# Study questions fat and heart disease link..



## ninny (Dec 12, 2005)

Interesting reading..

"For decades, health officials have urged the public to avoid saturated fat as much as possible, saying it should be replaced with the unsaturated fats in foods like nuts, fish, seeds and vegetable oils.
But the new research, published on Monday in the journal Annals of Internal Medicine, did not find that people who ate higher levels of saturated fat had more heart disease than those who ate less. Nor did it find less disease in those eating higher amounts of unsaturated fat, including monounsaturated fat like olive oil or polyunsaturated fat like corn oil."

http://well.blogs.nytimes.com/2014/...eart-disease-link/?_php=true&_type=blogs&_r=0

.


----------



## topofmountain (Nov 1, 2013)

I don't believe any of the stuff that most of these studies say. Back in the 50s the Government got involved in what we should & shouldn't eat what is good & not good for us. Most of it was based on theory not scientific facts. It remains to this day.
I follow a time tested saying, that my mother taught me when I was young & she lived into he 90s "EVERYTHING IN MODERATION".
I have yet to see most of all these studies not be challenged or disproved in time. Because most are not done using proven scientific facts.
Did you know that lower cholesterol in peoples diets in the 50s caused weight gain. That is less fat caused more weight. 
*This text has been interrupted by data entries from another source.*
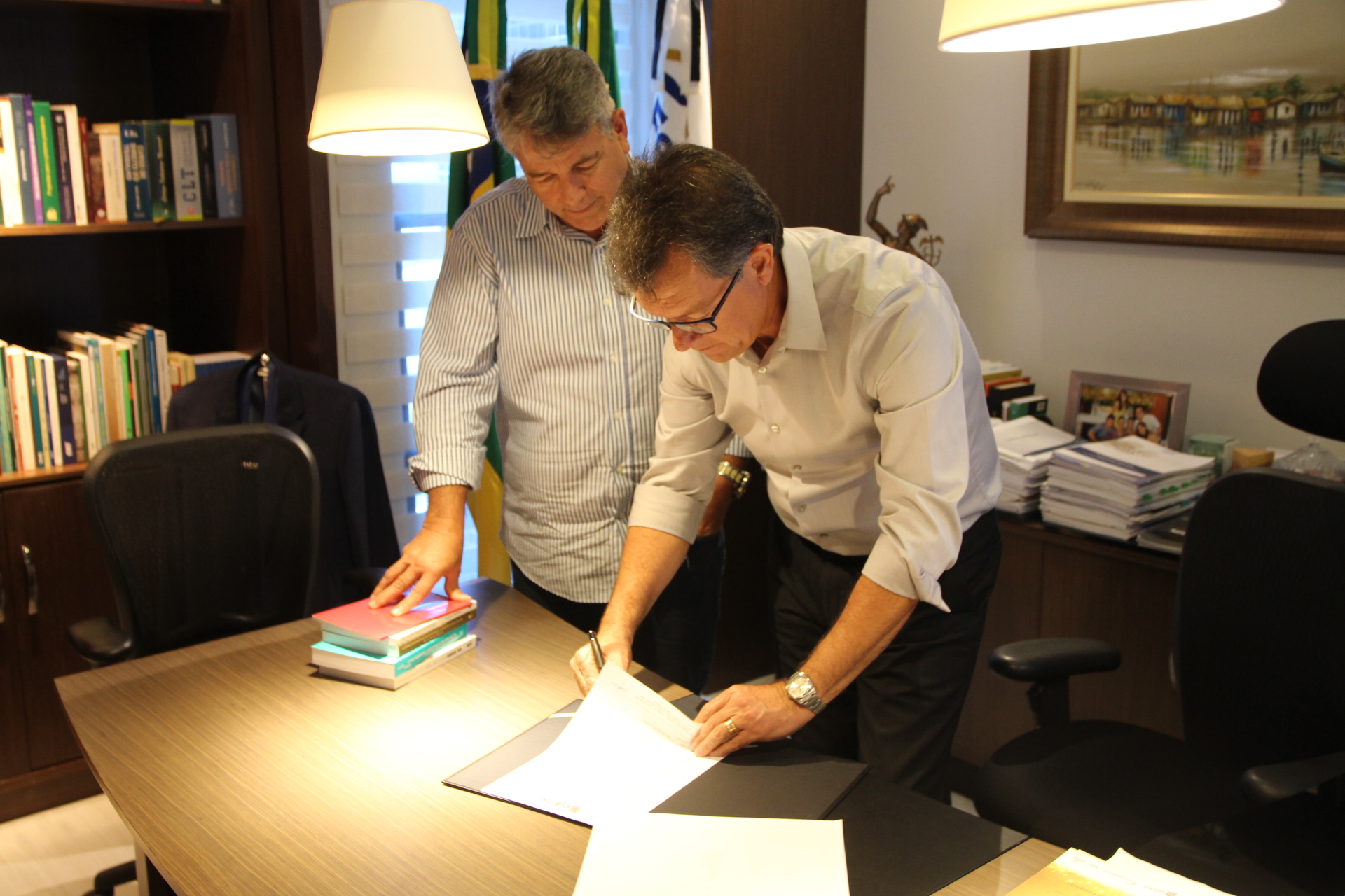 Foi assinado na manhã desta segunda-feira (27), um convênio entre o Sistema Fecomércio-Sesc e a autarquia estadual Serviços Gráficos de Sergipe (Segrase), o qual celebra uma parceria entre as instituições para o desenvolvimento da leitura de autores sergipanos pelo público frequentador do Serviço Social do Comércio. A assinatura foi firmada pelo presidente da Fecomércio, Laércio Oliveira, e pelo presidente da Segrase, Ricardo Roriz.
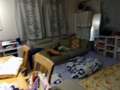 私が出張で居ないし、3人リビングで寝ることにしたそうな。
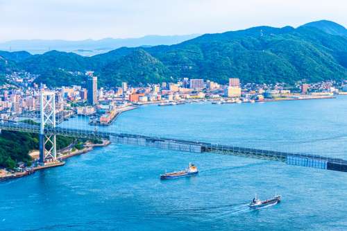 關門海峽大橋連接九州的北九州市與本州的下關市,是橫跨關門海峽的重要吊橋,全長約1公里,橋下可通航船隻,行車及觀景皆便利。橋上能俯瞰海峽壯麗景色,特別是夜晚燈光點綴時,更成為熱門拍照與觀光景點。
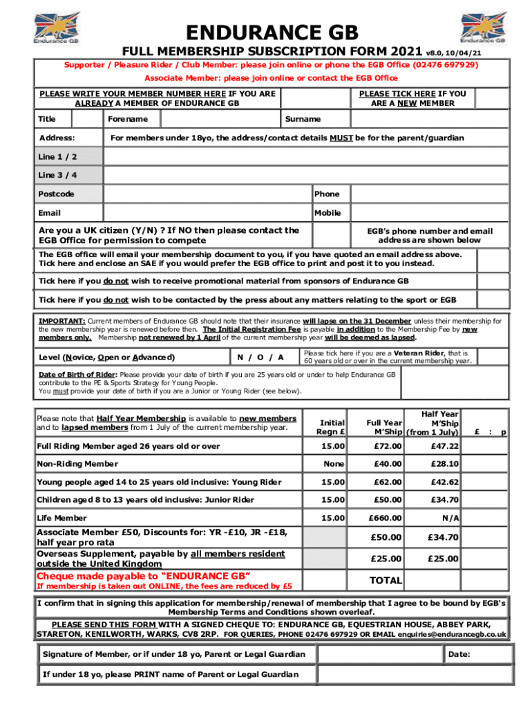 ENDURANCE GBFULL MEMBERSHIP SUBSCRIPTION FORM 2021 v8.0, 10/04/21 Supporter / Pleasure Rider / Club Member: please join online or phone the EGB Office (02476 697929) Associate Member: please join
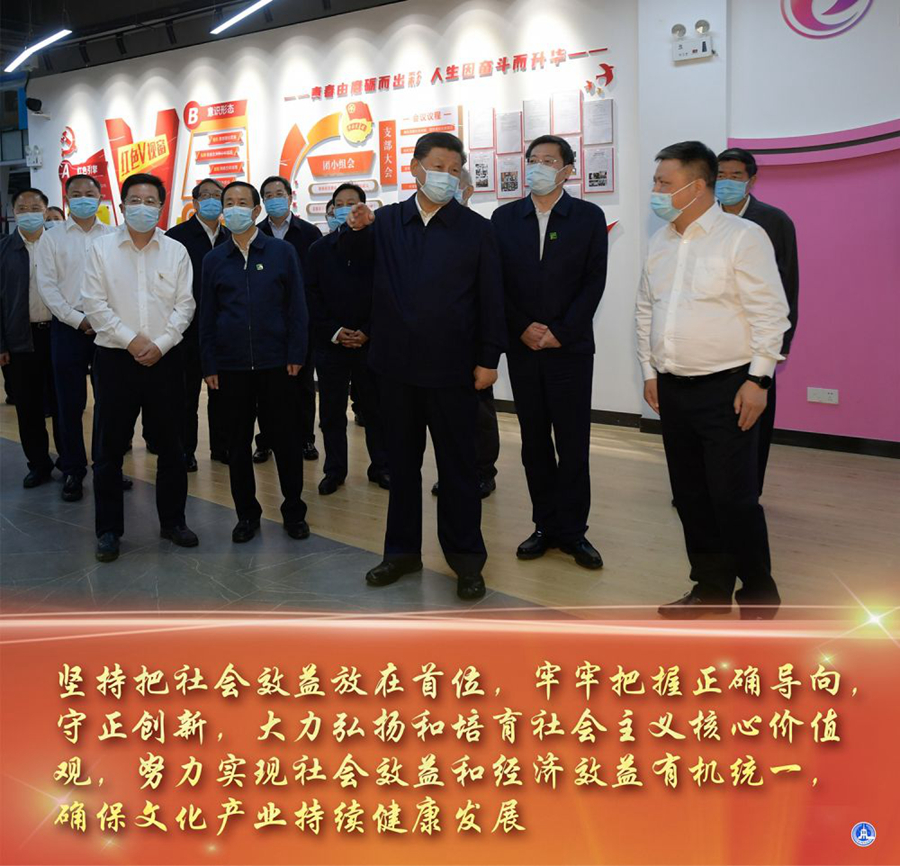 離開(kāi)園區(qū)時(shí),習(xí)近平總書(shū)記強(qiáng)調(diào):“文化產(chǎn)業(yè)既有意識(shí)形態(tài)屬性,又有市場(chǎng)屬性,但意識(shí)形態(tài)屬性是本質(zhì)屬性。剛才我看到你們墻上掛著一幅字‘導(dǎo)向金不換’,也可以引用來(lái)說(shuō)明這樣一個(gè)道理。一定要牢牢把握正確導(dǎo)向,堅(jiān)持守正創(chuàng)新,確保文化產(chǎn)業(yè)持續(xù)健康發(fā)展?!?/p>
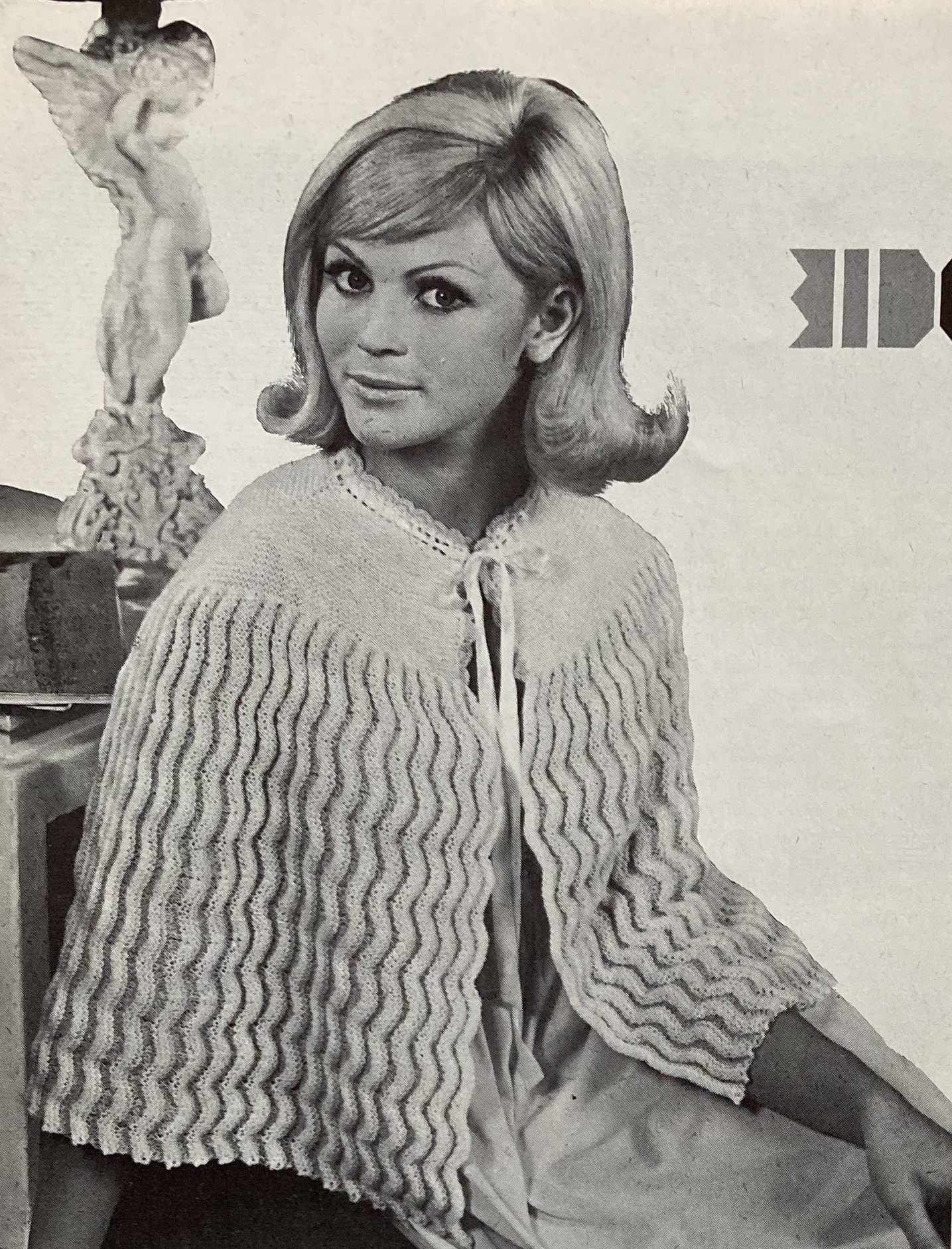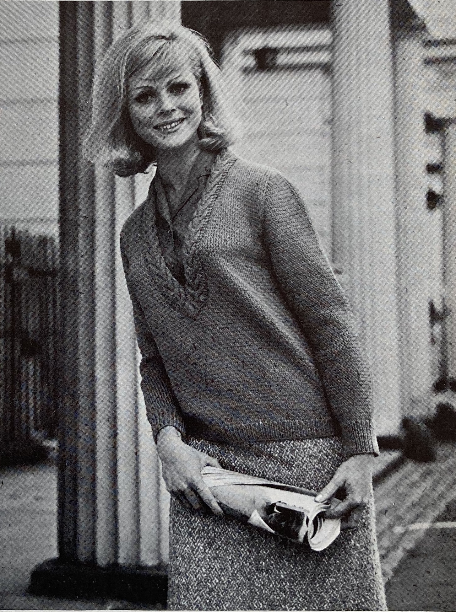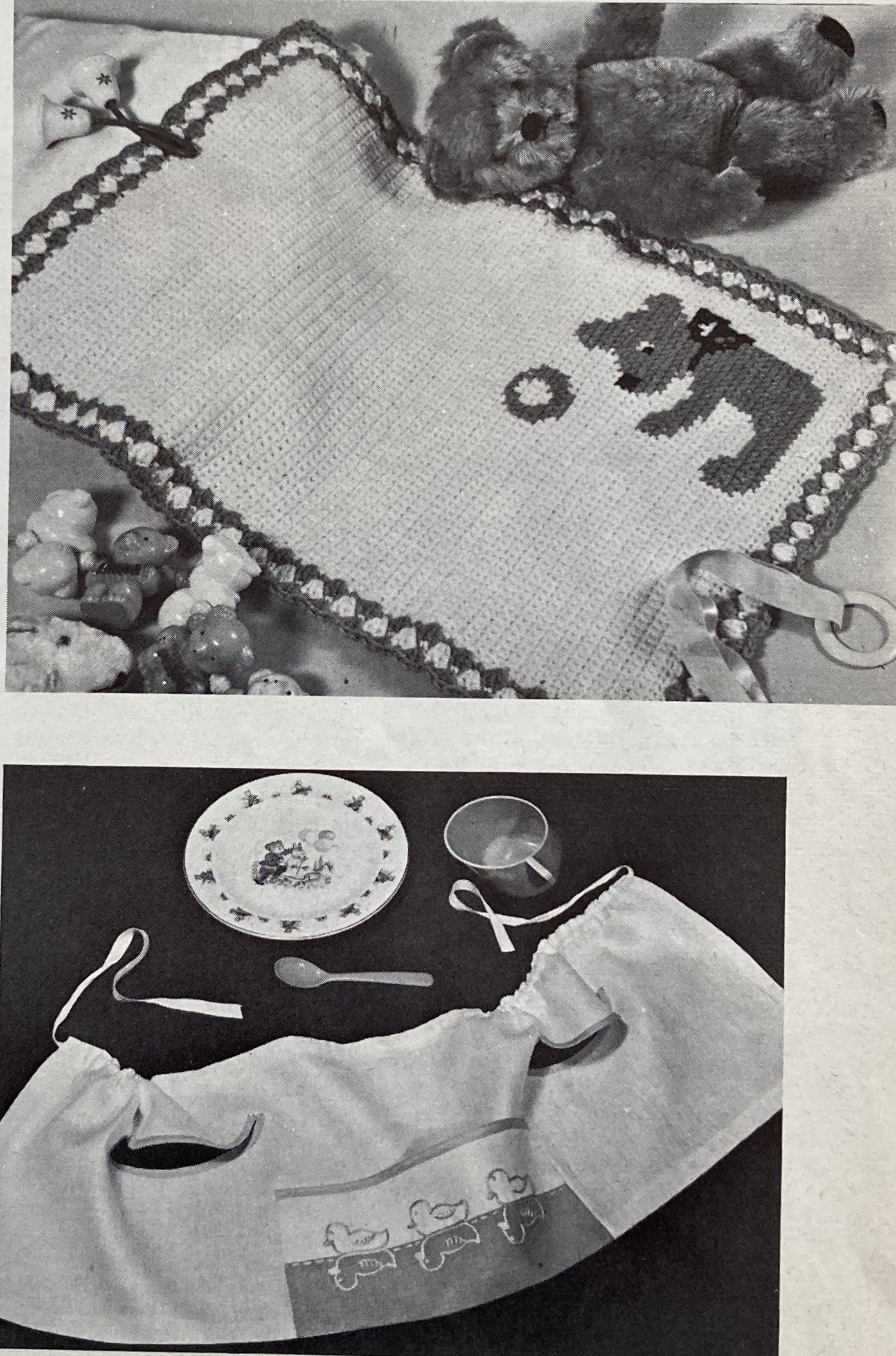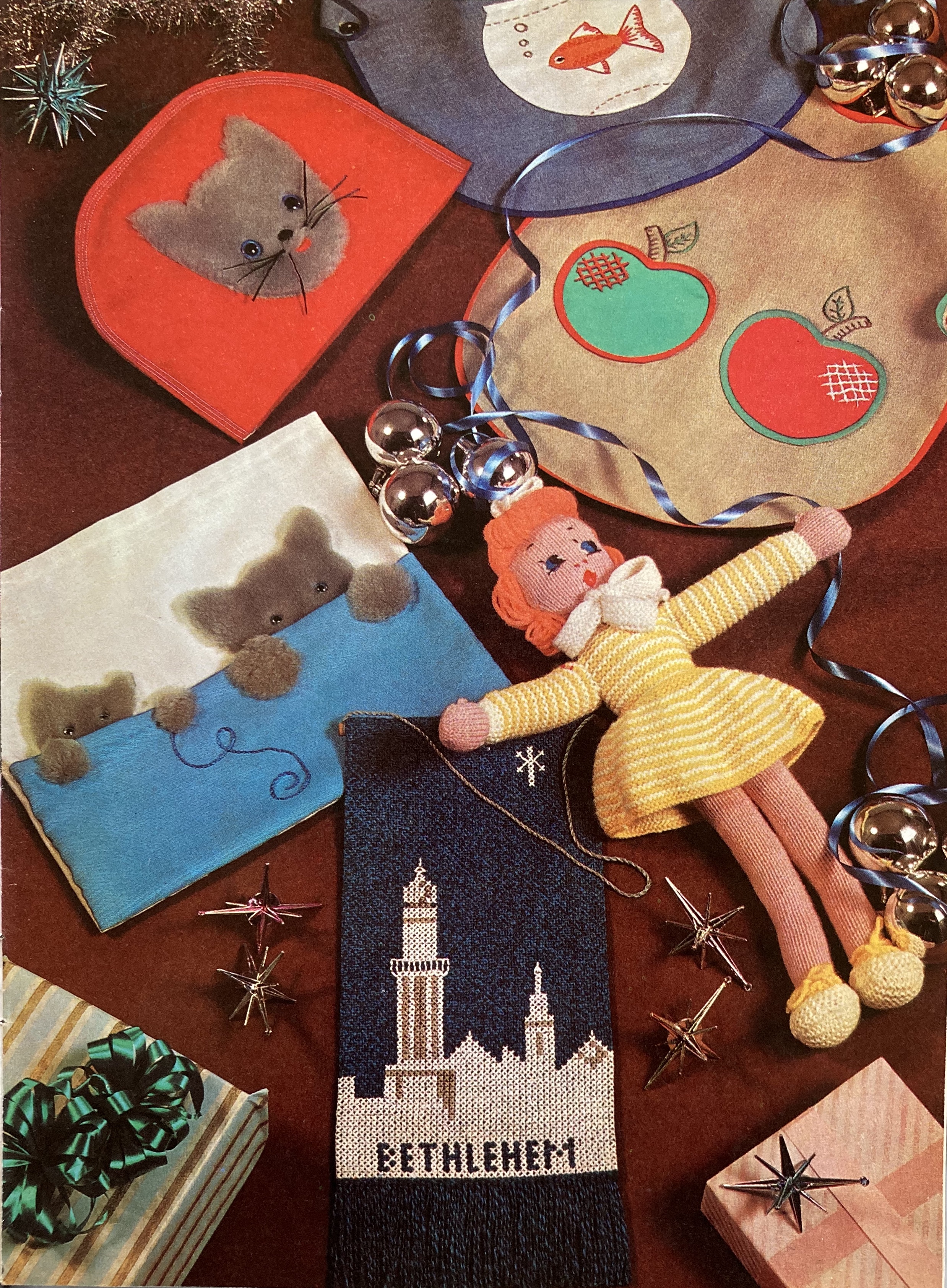 School-age children get their own “tough, tomboy sweaters” in Bracken Tweed wool. The suggested colours are “Black Olive” or “Gorse Heath”, which I assume is a sort of green-yellow tweed (no colour photo). Babies get a lovely shawl to match the layette from the September and October issues. It’s easy to knit, as the centre and borders are made separately. The other baby/nursery-age items are crocheted, sewn or stitched: a pram cover with a teddy-bear motif, a little nightcase with fluffy appliquéd kittens, a knitted doll, an embroidered “feeder”, sewn and appliquéd pinafore smocks…
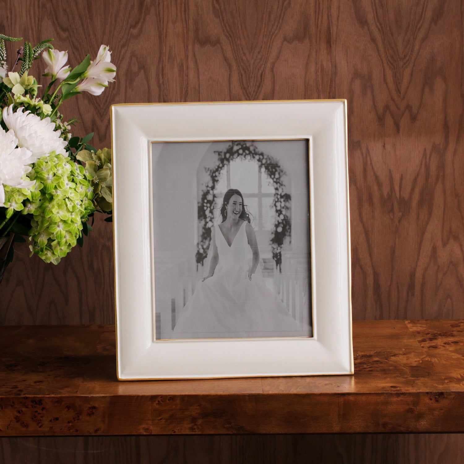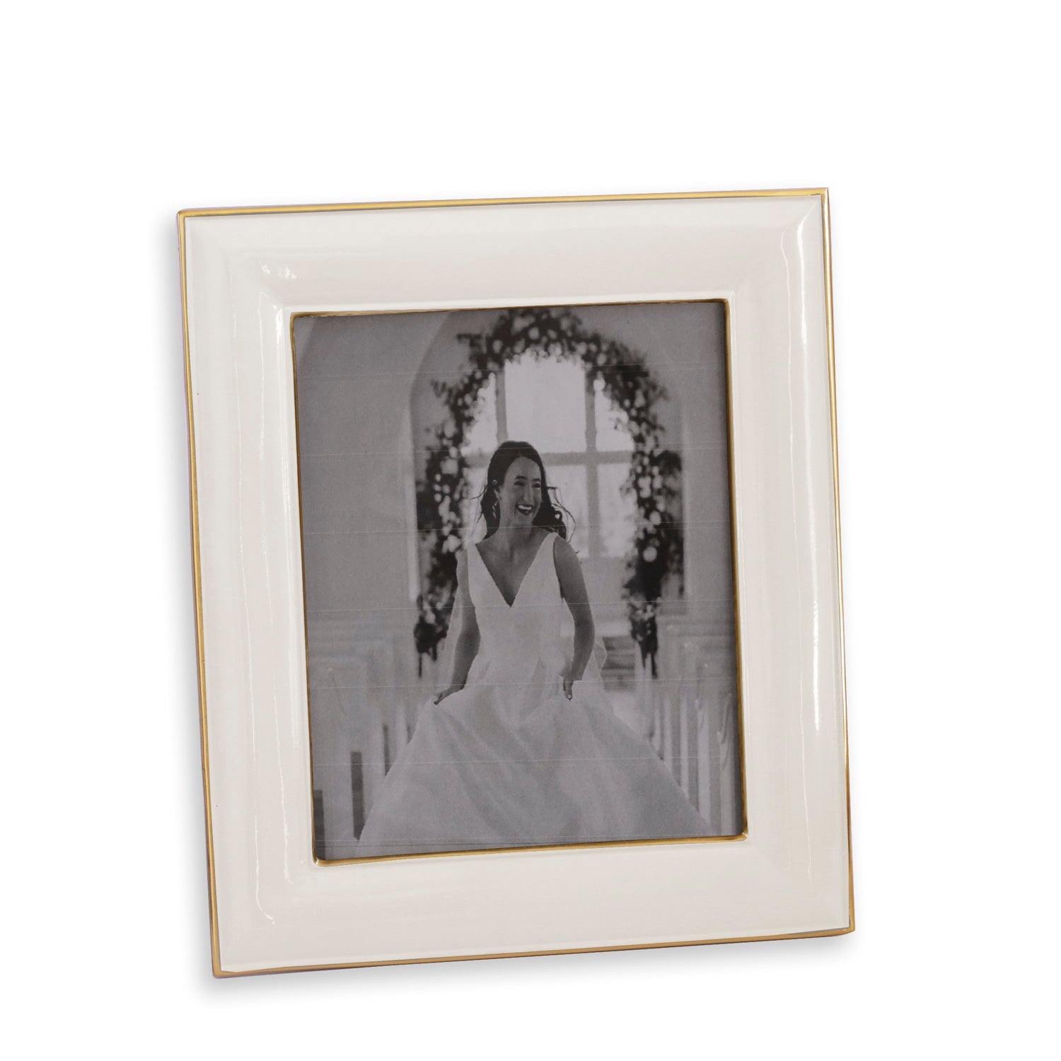 Timeless style for your treasured photos. The Charlotte 8x10 Frame in cream features a soft cream enamel finish accented by a classic beaded border, adding an elegant touch to your display. Designed to hold an 8x10 photo, it can be used vertically or horizontally. A thoughtful gift for weddings, anniversaries, or graduations. Handcrafted using our signature sand-casting process and finished with a durable enamel. Made of eco-friendly aluminum alloy; for decorative use only.
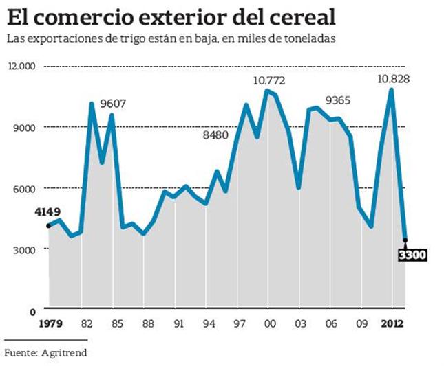 Este año se advertirá una consecuencia negativa más de la política de intervención del Gobierno en el mercado de trigo. Luego de que en 2012 los productores huyeran de la siembra del cultivo y el área quedara, con 3,16 millones de hectáreas, como la más baja desde 1898/1899, en 2013 la Argentina va a tener, con unos 3,3 millones de toneladas, la menor exportación del cereal de los últimos 35 años. Por pérdidas de negocios con el exterior, en la Argentina ya dejaron de ingresar US$ 5200 millones desde 2009.
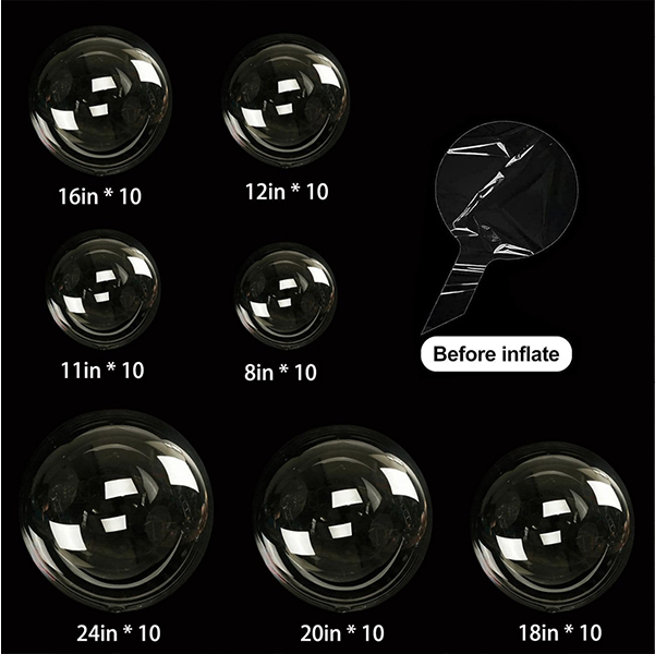 Koloretako burbuil globoak TPU, toxikoak ez direnak, berrerabilgarriak eta oso elastikoak dira. Eskuzko aire ponpa batekin puztu daitezke eta kristal globo garden hauek hainbat alditan egokiak dira, hala nola urtebetetze festak, haurtxoentzako dutxak, ezkontzak, Gabonak, Halloween, Urteberriko festak, graduazio ospakizunak eta beste.

But having said that. I would be more inclined to believe what you posted as true based off all my studies dating back into the 50s when Ike had his heart attack & the Government's attack on fat, meats, cholesterol etc, & their involvement in food, diets, what we eat.


----------



## unregistered97395 (Feb 28, 2011)

I've always suspected the reason fats were being linked to heart disease was because people were eating tons of partially hydrogenated fats (like margarine) and tons of trans-fats. 

It bears noting that margarine and most other foods made with trans-fats and partially hydrogenated fats were hawked as healthier than butter, etc., so most people replaced butter, etc., with them. And heart disease rose right along with the corresponding use of transfats, etc.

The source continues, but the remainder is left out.